After the irradiation in the cyclotron target holder, the target carrier was released down a tube line into a dissolution system (Fig. 1). This custom-built system is located in the cyclotron vault and remotely automated by an industrial programmable logic controller. The top portion of the system funnels the target carrier into an air-activated vacuum clamp that opens and closes the magnetic target carrier to release the 68Zn target payload into the polyvinylidene fluoride dissolution chamber. The middle section gates the passage of the target to the dissolution chamber with an air-activated union ball valve (19-mm opening) that seals off the chamber during the target dissolution process. The final portion of the system is the dissolution chamber, where an air/vent port (Fig. 1A) and an air-activated distribution valve (VICI) govern the incoming injections of 1.5 mL of 7 M nitric acid, 3 mL of water, and 2.75 mL of 2.5 M ammonium formate buffering solution through the liquid port (Fig. 1A) during the dissolution sequence and selects the destination line of the dissolved target to the proper synthesis unit. Inside the chamber, a magnetic stirring bar is activated for 2 min for complete dissolution (6), after which water and ammonium formate were added. The dissolved target solution arrives about 7 min after the cyclotron irradiation in the destination hot cell. With the process completed, the vacuum clamp and air-actuated release pin (Fig. 1B) allow the magnetic target carrier to exit the system via the ejection slide (Fig. 1C). At this point, all valves are reset, and the system is ready for another combined synthesis–dissolution process to target water flushing; the overall step is accomplished in 20 min after the end of bombardment.

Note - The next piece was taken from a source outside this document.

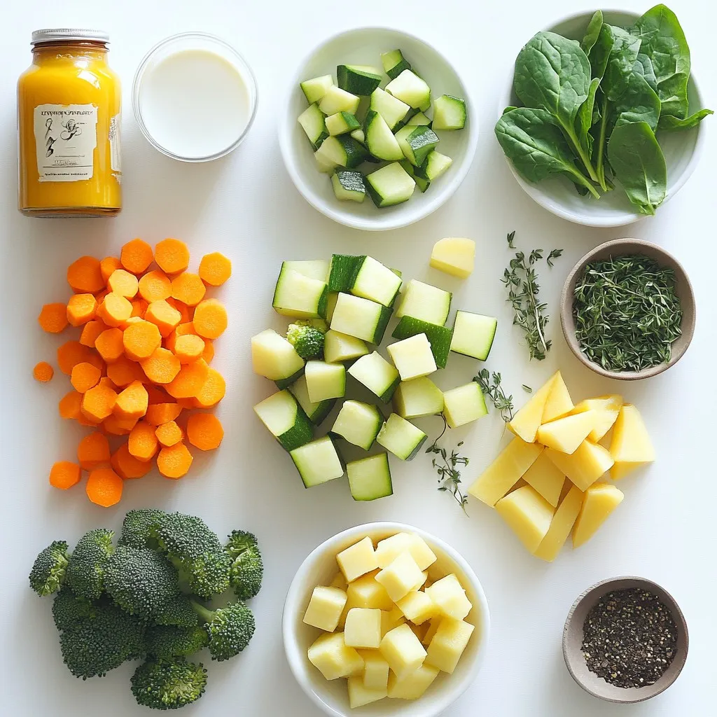 You need fresh vegetables for this soup. Carrots add sweetness, and celery gives a nice crunch. Potatoes add creaminess, while broccoli and zucchini bring color and nutrients. Don’t forget the spinach; it packs a healthy punch.

![FIGURE 1.](http://jnm.snmjournals.org/https://jnm.snmjournals.org/content/jnumed/64/2/232/F2.medium.gif)

[FIGURE 1.](http://jnm.snmjournals.org/content/64/2/232/F2)

FIGURE 1. 
In-vault dissolution system: component assembly (A), 68Zn-enriched target release (B), and magnetic target carrier release (C). PTFE = polytetrafluoroethylene; PVDF = polyvinylidene fluoride.

### Peptide Radiolabeling

The 68GaCl3 purification (6) and peptide radiolabeling steps were both performed on an AllInOne automated module (TRASIS), as shown in Figure 2. The 68GaCl3 purification was performed using the optimized procedure described by Alnahwi et al. (6). After the transfer of 68Ga, the line was rinsed with 0.01 M HCl (0.5 mL) for maximum recovery. The pH was adjusted to 3.5 with 1.2 mL of a 0.2 M ammonium formate metal trace buffer solution. The buffered solution was transferred to the reactor prefilled with a 1-mL solution of 60 μg of DOTATATE and 25 mg of ascorbic acid of traceSELECT (Sigma-Aldrich) grade. After mixing with nitrogen, the pH was 3.4–3.8 and the reaction mixture was raised to 100°C during 13 min. The radiolabeling yield was greater than 98%. After the labeling step, the reactor was cooled to 50°C, and the solution was then drawn into a syringe prefilled with 5 mL of water at room temperature. The peptide solution was passed through 500-mg C18 reversed-phase resin, and the reactor was rinsed with an extra 4 mL of water. The column was then washed twice with 10 mL of water. The 68Ga-DOTATATE was recovered with 3.5 mL of 55% (v/v) ethanol/water solution through the C18 column to the product vial for final formulation. The formulation was achieved by adding 17.5 mL of solution containing 0.14 g of Na2HPO4, 0.024 g of KH2PO4, 0.1 g of NaCl, and 100 mg of ascorbic acid to the product vial for a total volume of 21 mL and 9.4% ethanol. This solution was filtered through a sterile 0.22-μm polyvinylidene fluoride membrane filter (Millipore) and fractionized with the Eckert and Ziegler module in the clean room.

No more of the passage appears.